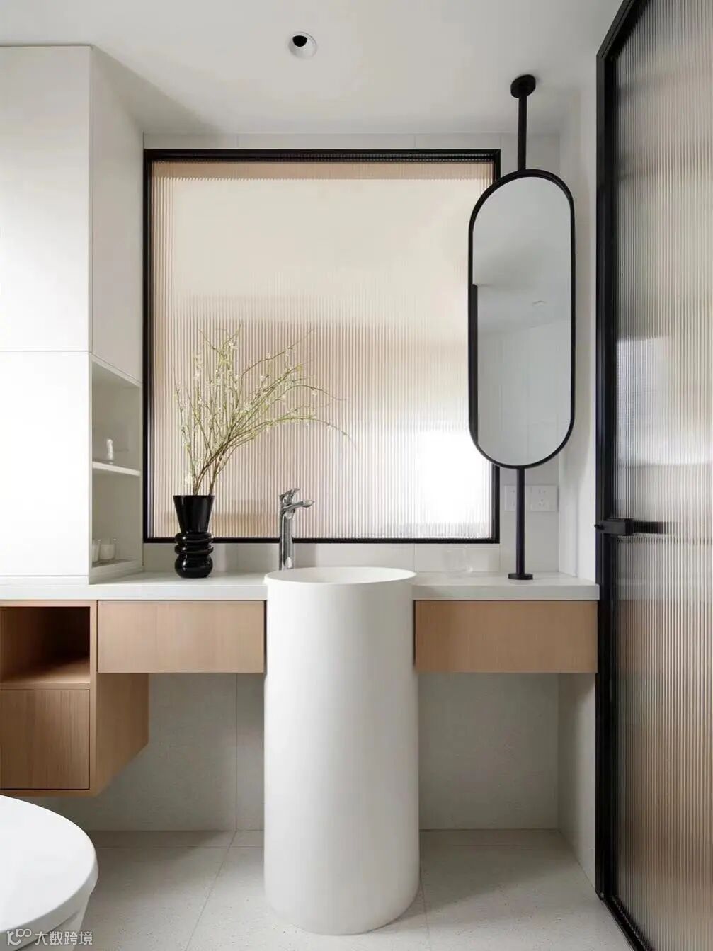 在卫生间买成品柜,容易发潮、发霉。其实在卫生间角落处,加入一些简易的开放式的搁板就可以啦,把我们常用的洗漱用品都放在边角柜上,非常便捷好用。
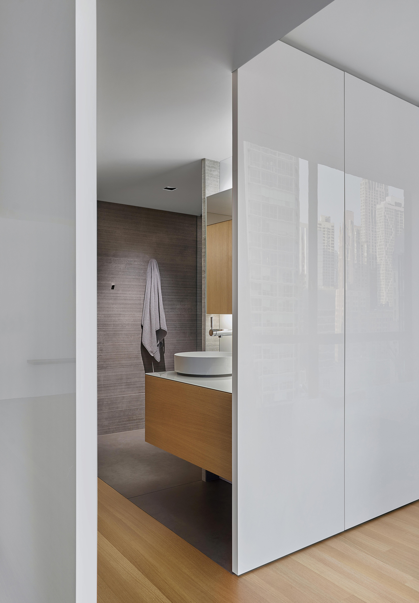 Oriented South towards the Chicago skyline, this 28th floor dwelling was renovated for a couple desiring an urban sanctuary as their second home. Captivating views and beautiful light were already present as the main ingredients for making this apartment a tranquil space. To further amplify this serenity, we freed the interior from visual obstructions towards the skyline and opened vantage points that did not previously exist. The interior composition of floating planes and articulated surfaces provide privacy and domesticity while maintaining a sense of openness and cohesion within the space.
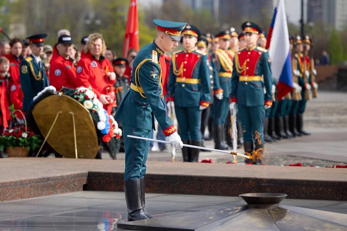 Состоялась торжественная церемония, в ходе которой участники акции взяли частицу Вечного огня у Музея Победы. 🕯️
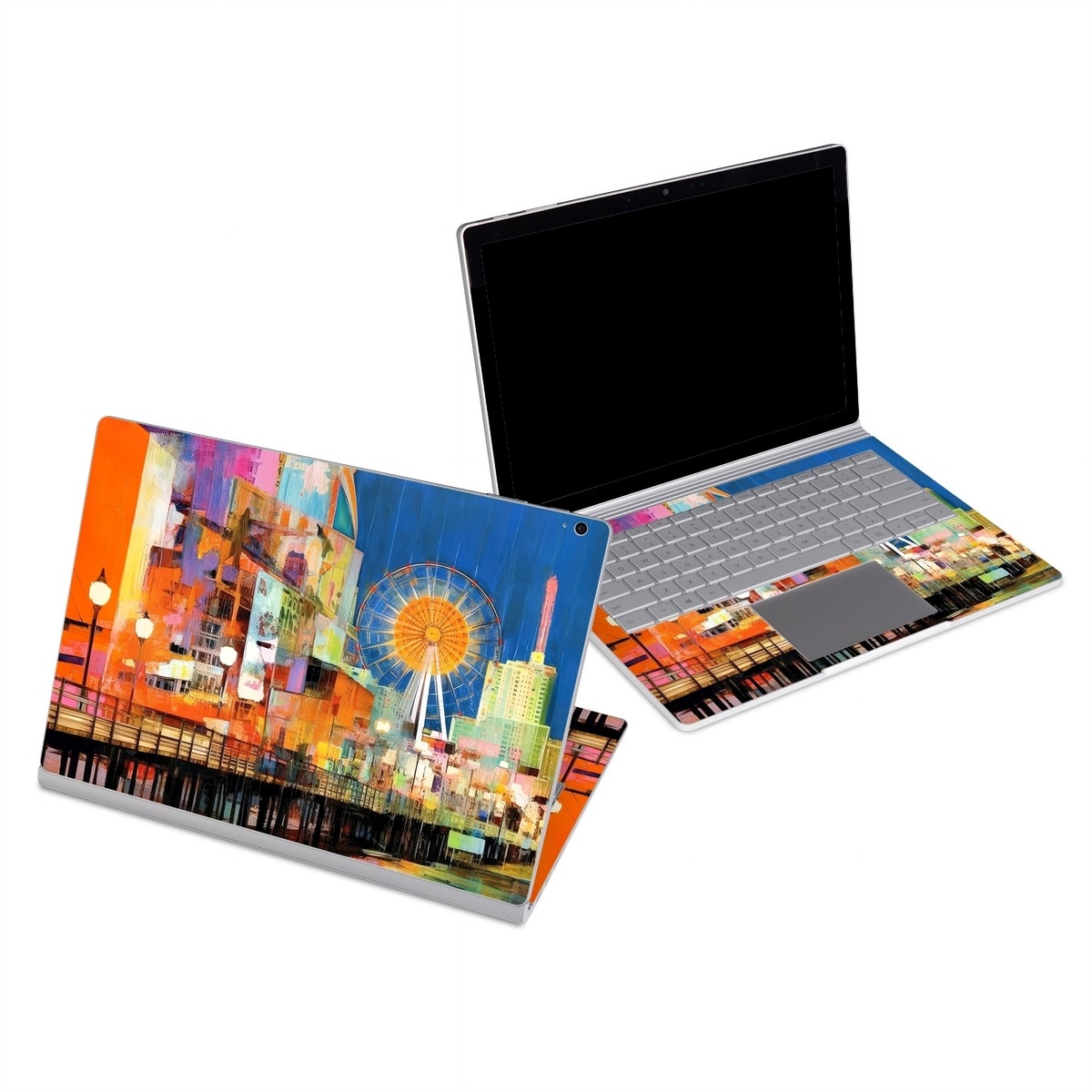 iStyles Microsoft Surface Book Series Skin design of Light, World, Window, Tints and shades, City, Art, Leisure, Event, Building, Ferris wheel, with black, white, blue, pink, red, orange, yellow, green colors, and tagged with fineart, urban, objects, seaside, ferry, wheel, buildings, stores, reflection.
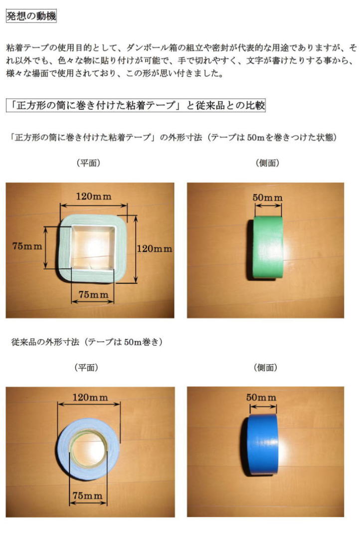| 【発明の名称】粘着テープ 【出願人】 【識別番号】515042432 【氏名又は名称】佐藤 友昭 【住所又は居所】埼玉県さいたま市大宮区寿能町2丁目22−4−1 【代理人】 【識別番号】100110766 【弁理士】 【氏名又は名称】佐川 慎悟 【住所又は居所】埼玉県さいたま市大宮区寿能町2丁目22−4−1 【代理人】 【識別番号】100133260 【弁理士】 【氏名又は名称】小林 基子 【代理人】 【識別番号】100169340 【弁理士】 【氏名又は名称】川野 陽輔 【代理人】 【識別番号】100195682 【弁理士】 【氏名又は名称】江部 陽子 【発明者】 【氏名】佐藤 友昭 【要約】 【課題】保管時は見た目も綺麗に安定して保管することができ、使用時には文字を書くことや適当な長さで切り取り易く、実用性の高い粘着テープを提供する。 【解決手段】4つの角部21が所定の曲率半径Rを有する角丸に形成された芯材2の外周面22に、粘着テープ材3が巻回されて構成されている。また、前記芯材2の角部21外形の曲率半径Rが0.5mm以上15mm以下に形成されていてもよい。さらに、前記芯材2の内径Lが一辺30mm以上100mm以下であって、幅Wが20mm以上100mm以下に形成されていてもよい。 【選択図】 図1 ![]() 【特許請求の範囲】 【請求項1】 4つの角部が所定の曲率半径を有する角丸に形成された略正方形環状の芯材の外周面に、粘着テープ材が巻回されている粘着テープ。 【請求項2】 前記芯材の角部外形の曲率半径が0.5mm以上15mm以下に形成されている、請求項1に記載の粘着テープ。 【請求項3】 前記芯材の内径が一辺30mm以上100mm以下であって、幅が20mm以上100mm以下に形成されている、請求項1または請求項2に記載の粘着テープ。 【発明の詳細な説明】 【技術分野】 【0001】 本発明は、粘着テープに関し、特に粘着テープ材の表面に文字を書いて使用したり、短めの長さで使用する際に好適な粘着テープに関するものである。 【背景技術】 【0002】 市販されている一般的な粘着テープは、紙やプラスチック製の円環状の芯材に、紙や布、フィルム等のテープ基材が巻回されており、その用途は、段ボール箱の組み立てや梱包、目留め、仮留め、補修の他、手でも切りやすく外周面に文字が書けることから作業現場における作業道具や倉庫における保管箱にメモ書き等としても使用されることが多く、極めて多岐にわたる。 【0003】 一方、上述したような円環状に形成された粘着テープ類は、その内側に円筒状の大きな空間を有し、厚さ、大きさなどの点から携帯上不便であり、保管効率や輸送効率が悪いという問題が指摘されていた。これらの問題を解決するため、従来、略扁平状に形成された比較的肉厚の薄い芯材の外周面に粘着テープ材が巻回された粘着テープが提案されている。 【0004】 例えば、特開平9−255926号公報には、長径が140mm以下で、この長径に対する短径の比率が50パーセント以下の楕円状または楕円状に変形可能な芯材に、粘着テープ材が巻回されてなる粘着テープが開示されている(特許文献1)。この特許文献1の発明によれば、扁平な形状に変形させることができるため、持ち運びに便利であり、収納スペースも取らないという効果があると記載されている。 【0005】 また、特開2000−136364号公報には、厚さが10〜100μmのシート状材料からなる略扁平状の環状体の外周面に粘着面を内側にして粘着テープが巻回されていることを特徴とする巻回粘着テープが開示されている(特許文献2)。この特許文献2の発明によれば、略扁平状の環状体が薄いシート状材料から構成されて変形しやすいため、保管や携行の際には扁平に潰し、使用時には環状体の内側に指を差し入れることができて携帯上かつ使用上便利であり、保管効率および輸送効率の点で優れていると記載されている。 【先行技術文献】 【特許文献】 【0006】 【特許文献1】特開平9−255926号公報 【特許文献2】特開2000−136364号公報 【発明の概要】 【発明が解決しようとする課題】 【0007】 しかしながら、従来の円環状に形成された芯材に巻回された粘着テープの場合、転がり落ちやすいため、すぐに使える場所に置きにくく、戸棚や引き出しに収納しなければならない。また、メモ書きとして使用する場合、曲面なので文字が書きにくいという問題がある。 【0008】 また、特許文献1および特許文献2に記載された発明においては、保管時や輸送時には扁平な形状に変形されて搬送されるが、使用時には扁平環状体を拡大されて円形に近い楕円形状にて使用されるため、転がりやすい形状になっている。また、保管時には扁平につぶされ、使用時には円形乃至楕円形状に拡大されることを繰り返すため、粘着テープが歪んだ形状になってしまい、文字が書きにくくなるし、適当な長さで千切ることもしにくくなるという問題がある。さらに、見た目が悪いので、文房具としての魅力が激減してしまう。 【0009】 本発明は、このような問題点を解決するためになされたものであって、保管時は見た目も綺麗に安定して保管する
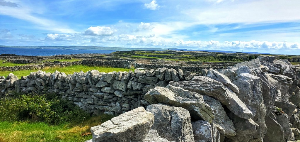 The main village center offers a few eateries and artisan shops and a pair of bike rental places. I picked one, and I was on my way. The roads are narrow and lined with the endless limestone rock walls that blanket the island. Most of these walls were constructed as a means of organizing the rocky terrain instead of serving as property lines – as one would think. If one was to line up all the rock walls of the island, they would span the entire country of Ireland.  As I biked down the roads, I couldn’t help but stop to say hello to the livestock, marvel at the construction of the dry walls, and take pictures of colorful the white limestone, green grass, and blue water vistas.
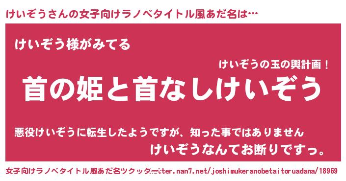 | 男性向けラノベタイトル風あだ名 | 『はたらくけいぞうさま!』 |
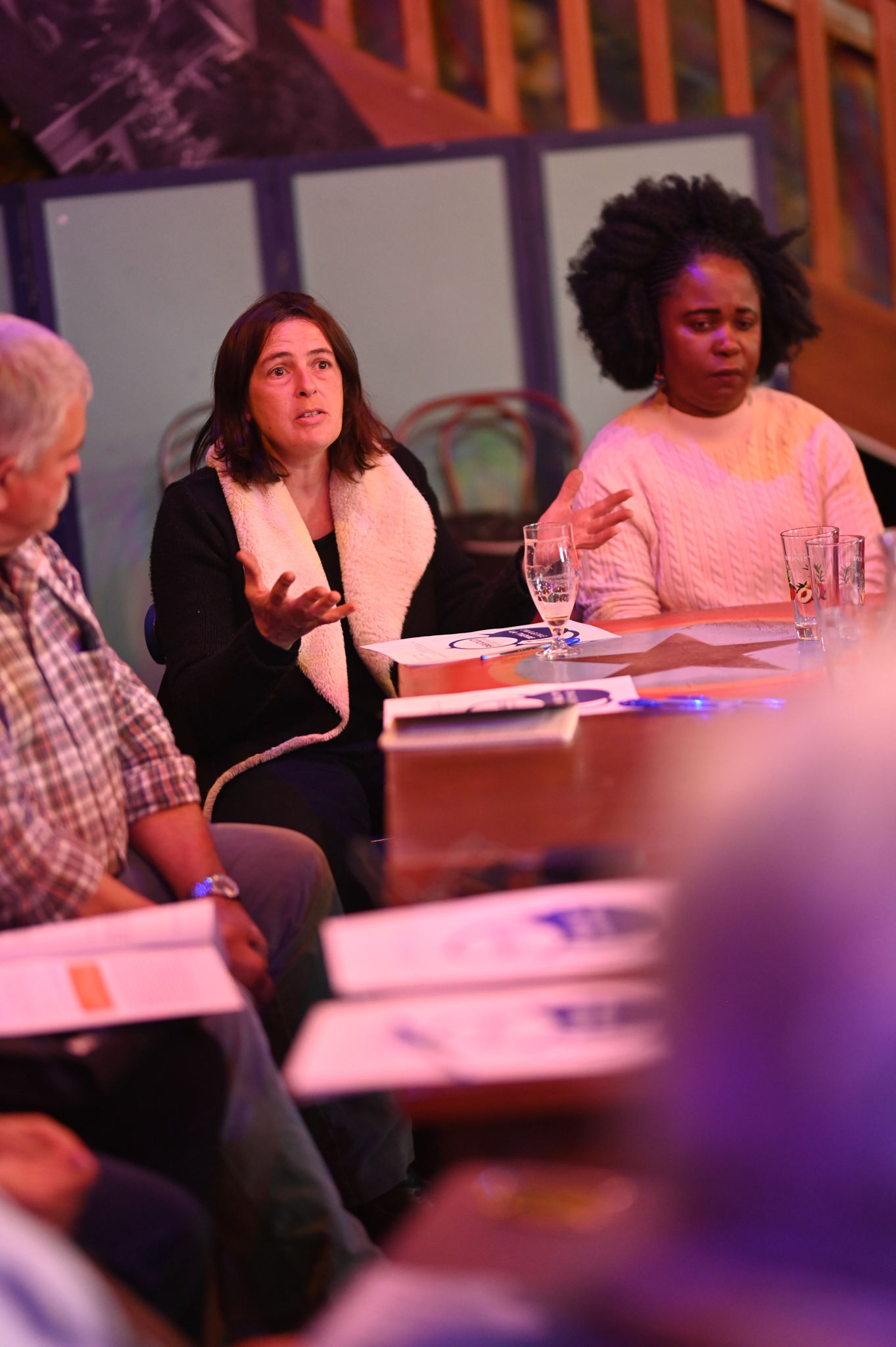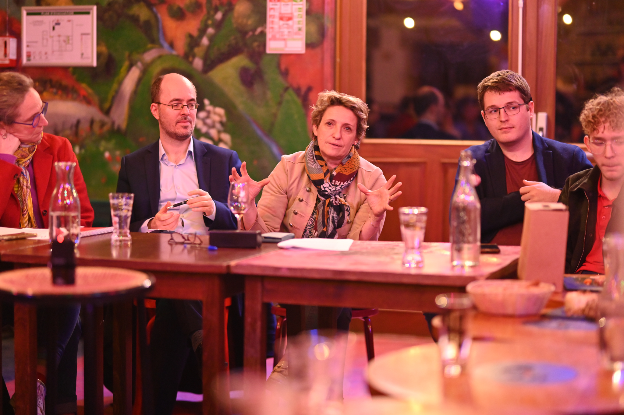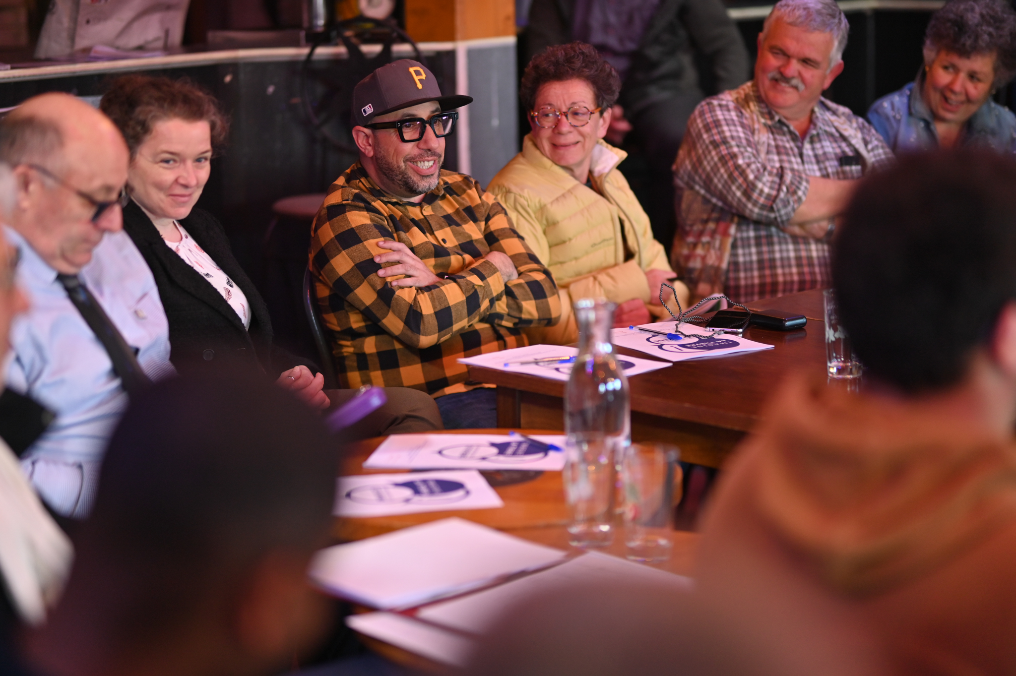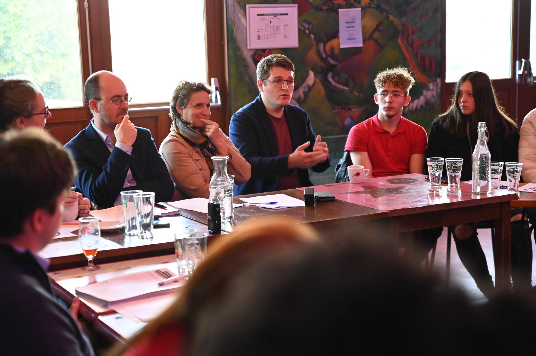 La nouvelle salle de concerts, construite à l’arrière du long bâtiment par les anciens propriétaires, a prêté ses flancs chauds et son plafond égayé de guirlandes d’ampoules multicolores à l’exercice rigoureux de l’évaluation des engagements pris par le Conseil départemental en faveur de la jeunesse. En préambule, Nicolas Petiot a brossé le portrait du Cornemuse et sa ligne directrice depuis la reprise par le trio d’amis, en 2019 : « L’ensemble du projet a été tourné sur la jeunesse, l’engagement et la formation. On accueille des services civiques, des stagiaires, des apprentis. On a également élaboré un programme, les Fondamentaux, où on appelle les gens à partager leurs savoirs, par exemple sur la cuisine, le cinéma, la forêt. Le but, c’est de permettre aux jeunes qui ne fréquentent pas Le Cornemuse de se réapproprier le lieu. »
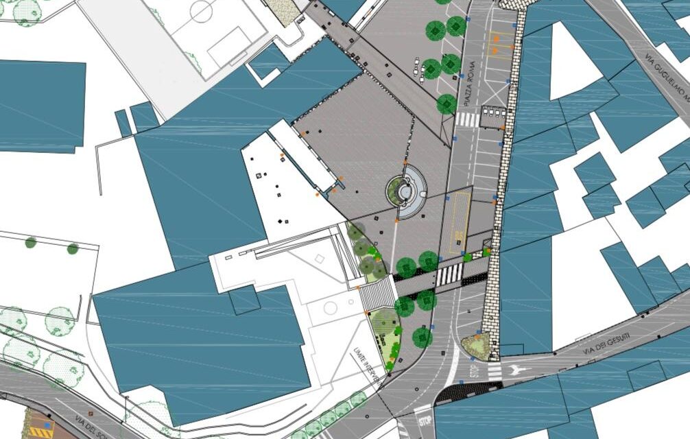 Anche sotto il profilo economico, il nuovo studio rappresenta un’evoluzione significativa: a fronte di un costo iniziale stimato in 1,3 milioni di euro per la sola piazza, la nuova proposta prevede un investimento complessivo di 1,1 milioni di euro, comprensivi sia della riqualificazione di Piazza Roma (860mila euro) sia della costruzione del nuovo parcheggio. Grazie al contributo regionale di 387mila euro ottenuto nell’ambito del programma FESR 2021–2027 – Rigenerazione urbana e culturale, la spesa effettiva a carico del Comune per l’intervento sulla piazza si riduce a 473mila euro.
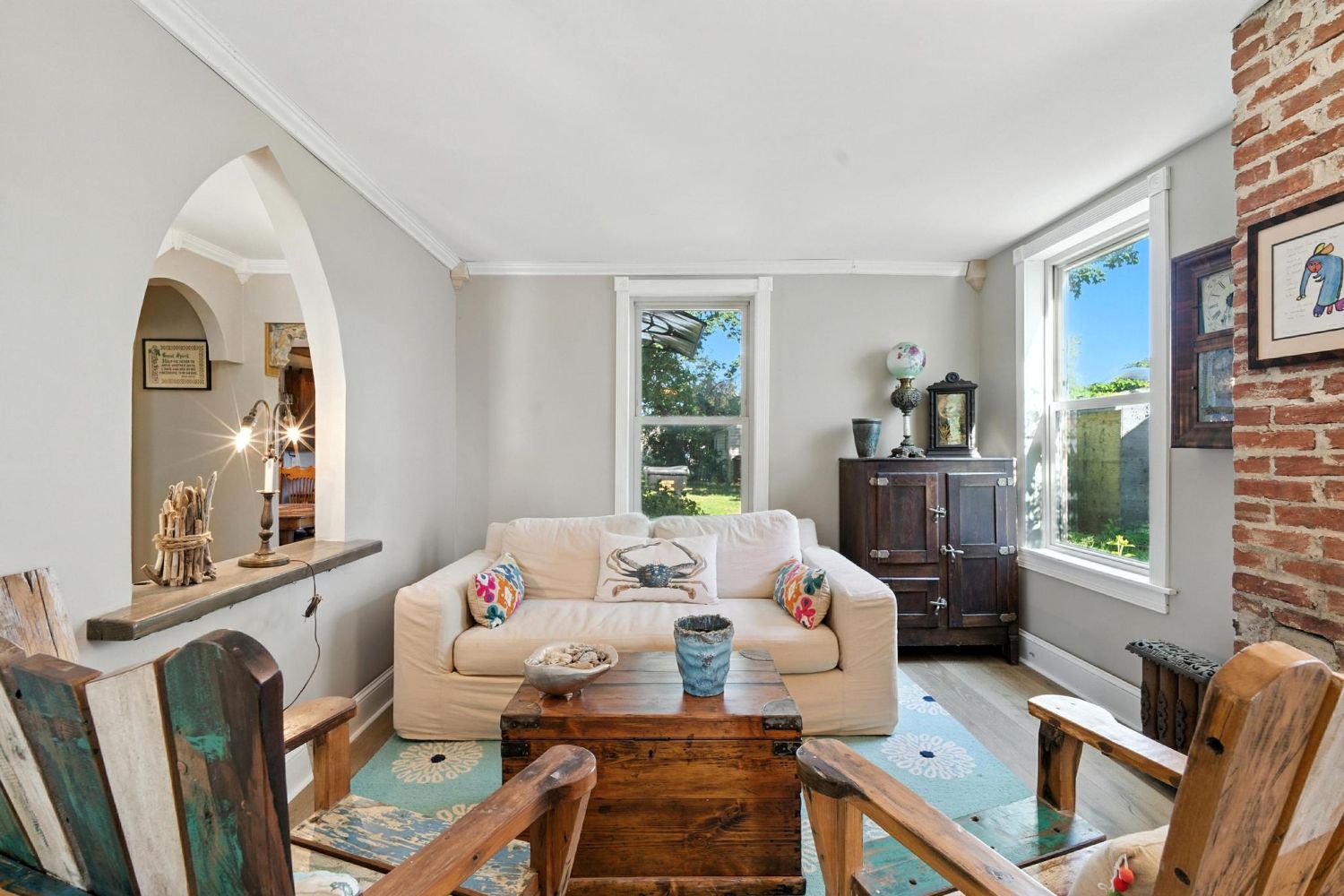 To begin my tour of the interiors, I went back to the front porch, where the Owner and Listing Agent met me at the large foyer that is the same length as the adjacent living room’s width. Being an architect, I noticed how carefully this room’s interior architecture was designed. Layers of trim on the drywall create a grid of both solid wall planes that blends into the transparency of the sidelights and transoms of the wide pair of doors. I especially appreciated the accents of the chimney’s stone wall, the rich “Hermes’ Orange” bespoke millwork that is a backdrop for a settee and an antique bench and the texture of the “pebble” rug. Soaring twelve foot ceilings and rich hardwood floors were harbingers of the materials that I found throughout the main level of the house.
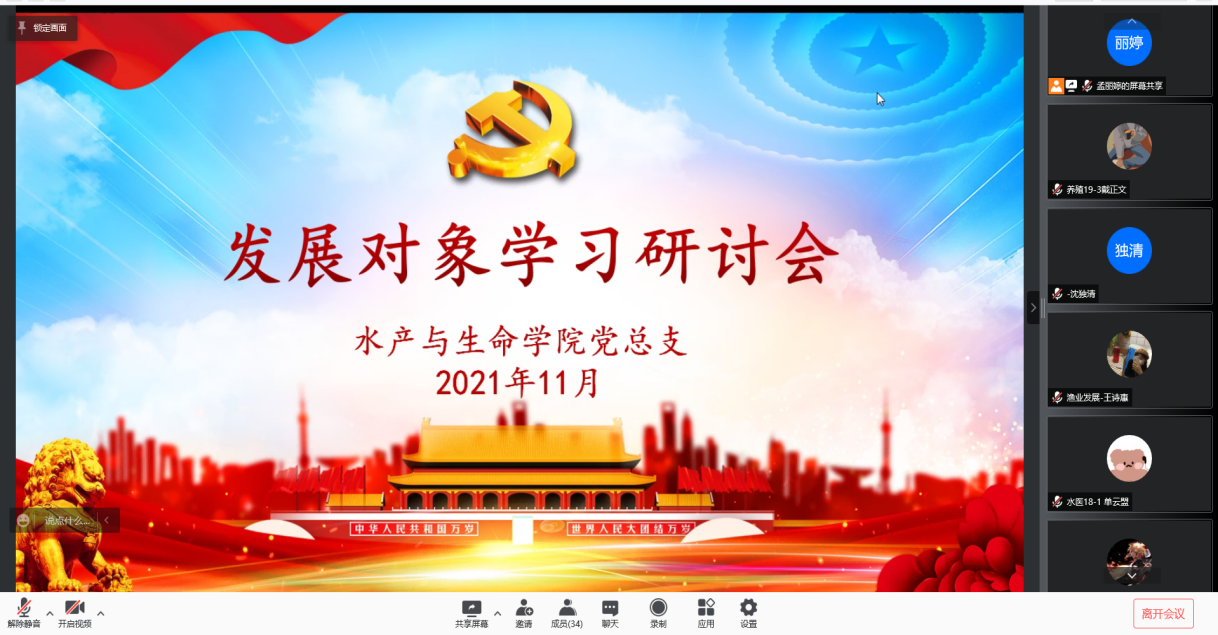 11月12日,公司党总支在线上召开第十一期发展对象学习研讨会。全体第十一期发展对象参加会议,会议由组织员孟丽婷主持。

ACTION ITEM: Copy exactly what appears in the entries, beginning with the first line and ending with the line that has "iStyles Microsoft Surface", but not the pictures.

EXPECTED OUTPUT:
 在卫生间买成品柜,容易发潮、发霉。其实在卫生间角落处,加入一些简易的开放式的搁板就可以啦,把我们常用的洗漱用品都放在边角柜上,非常便捷好用。
 Oriented South towards the Chicago skyline, this 28th floor dwelling was renovated for a couple desiring an urban sanctuary as their second home. Captivating views and beautiful light were already present as the main ingredients for making this apartment a tranquil space. To further amplify this serenity, we freed the interior from visual obstructions towards the skyline and opened vantage points that did not previously exist. The interior composition of floating planes and articulated surfaces provide privacy and domesticity while maintaining a sense of openness and cohesion within the space.
 Состоялась торжественная церемония, в ходе которой участники акции взяли частицу Вечного огня у Музея Победы. 🕯️
 iStyles Microsoft Surface Book Series Skin design of Light, World, Window, Tints and shades, City, Art, Leisure, Event, Building, Ferris wheel, with black, white, blue, pink, red, orange, yellow, green colors, and tagged with fineart, urban, objects, seaside, ferry, wheel, buildings, stores, reflection.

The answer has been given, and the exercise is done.